Meet the recently elected Carolina Population Center Faculty Fellows

Sep 18, 2017

The Carolina Population Center's Faculty Fellows elected five UNC faculty members to join the CPC Fellows program. The Fellows are CPC's permanent and vital core, and the center devotes its resources to facilitating their research. Currently, there are 65 Fellows from 15 different UNC departments.

Elizabeth Frankenberg is a Professor of Sociology.

Frankenberg's research focuses on individual and family response to change and the role of community, broadly construed, in individual behaviors and outcomes. She has invested heavily in developing and implementing innovative and ambitious designs for data collection to support her own research and that of the scientific and policy communities more broadly. These investments center on three projects: the Indonesia Family Life Survey (IFLS), The Worker Iron Status Evaluation (WISE), and the Study of the Tsunami Aftermath and Recovery (STAR). Her work intersects with scholars across a number of disciplines, including demography, sociology, economics, geography, and public health.

Frankenberg is CPC's new Director, as of 7/1/2017.

Jason Davis is an Assistant Professor of Geography.

Davis's research focuses on the ramifications of migrant absences and remittances on the well-being of left behind family members-especially children. He uses longitudinal, retrospective and qualitative data to explore the influence of different migration dynamics on left-behind children's educational attainment and nutrition, migration-related fertility, land-use change, and population-environment relationships. His work has largely been concentrated in Central and South America, but he is expanding his geographic interest areas to Sub-Saharan Africa and the Philippines.

Davis was a Postdoctoral Scholar at the Carolina Population Center from 2012 until 2017.

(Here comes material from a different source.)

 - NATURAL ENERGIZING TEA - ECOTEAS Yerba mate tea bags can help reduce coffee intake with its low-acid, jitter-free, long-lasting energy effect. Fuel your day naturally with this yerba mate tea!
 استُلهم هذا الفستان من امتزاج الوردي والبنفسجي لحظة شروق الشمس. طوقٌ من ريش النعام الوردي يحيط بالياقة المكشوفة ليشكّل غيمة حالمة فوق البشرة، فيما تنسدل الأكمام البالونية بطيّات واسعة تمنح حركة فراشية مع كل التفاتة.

Paul Delamater is an Assistant Professor of Geography.

Delamater's research focuses on spatial components of health care access and utilization as well as disease modeling. He uses methods that employ geographic information systems (GIS) and statistical/spatial analysis to better understand population health issues such as childhood vaccination, herd immunity, and vaccine-preventable diseases in the United States.

Joanna "Asia" Maselko is an Associate Professor of Epidemiology.

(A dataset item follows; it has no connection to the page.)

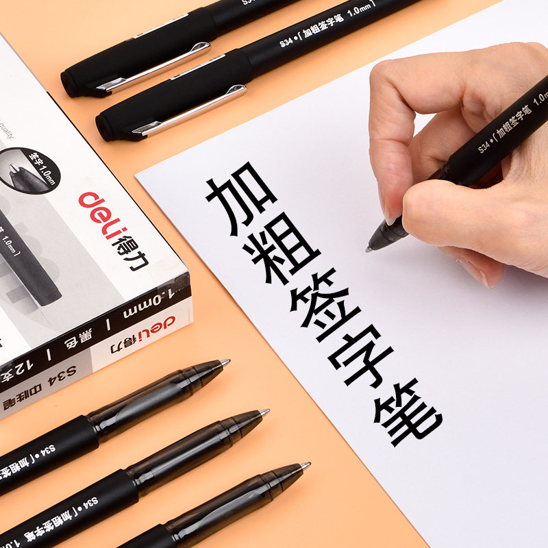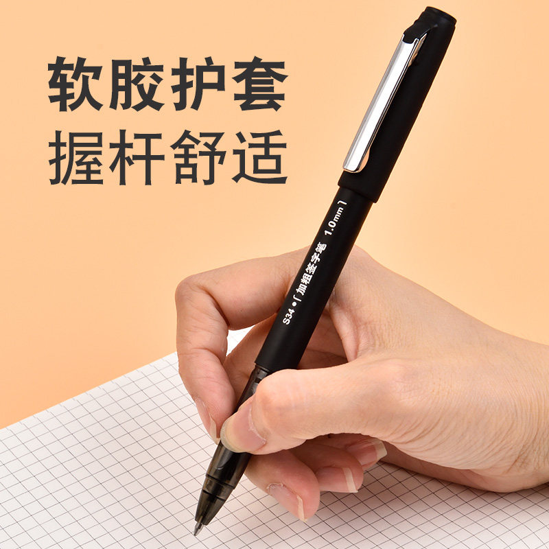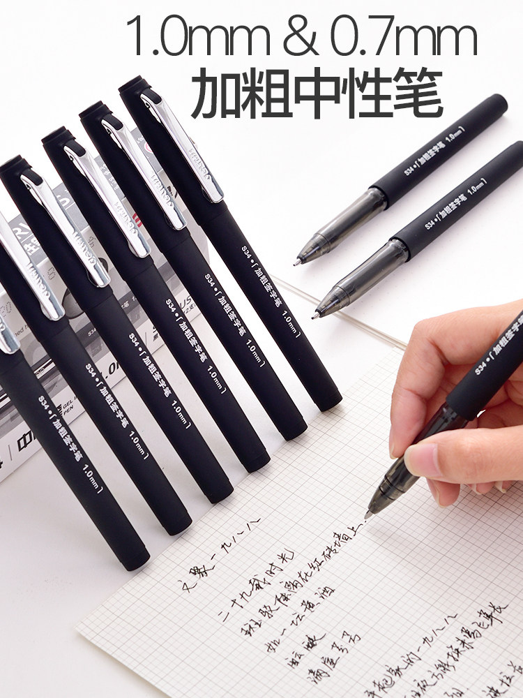 Черная ручка-роллер, ручка на водной основе, вместительная и большая каллиграфия для школьников, диаметр/размер 1.0, 1.0мм

Maselko's research focuses on the fields of social epidemiology and global mental health, specifically, how the social context influences developmental risk trajectories over the life course. She studies the relationship between maternal mental health and child development and how families respond to changing social conditions over the life course. She has conducted research on perinatal depression intervention in Pakistan, adolescent mental health in South India and Nepal, and depression among elderly and their caregivers in Sri Lanka.

Kat Tumlinson is an Assistant Professor of Maternal and Child Health.

Tumlinson's research focuses on facility-level barriers to family planning in low-income countries. Her work on international family planning is deeply informed by her prior experience managing a teen pregnancy prevention program at Planned Parenthood of North Central Florida and by her experiences living and working in a number of low- and middle-income countries.

Tumlinson was a Carolina Population Center Predoctoral Trainee between 2009 and 2014, and a Postdoctoral Scholar from 2016-2017.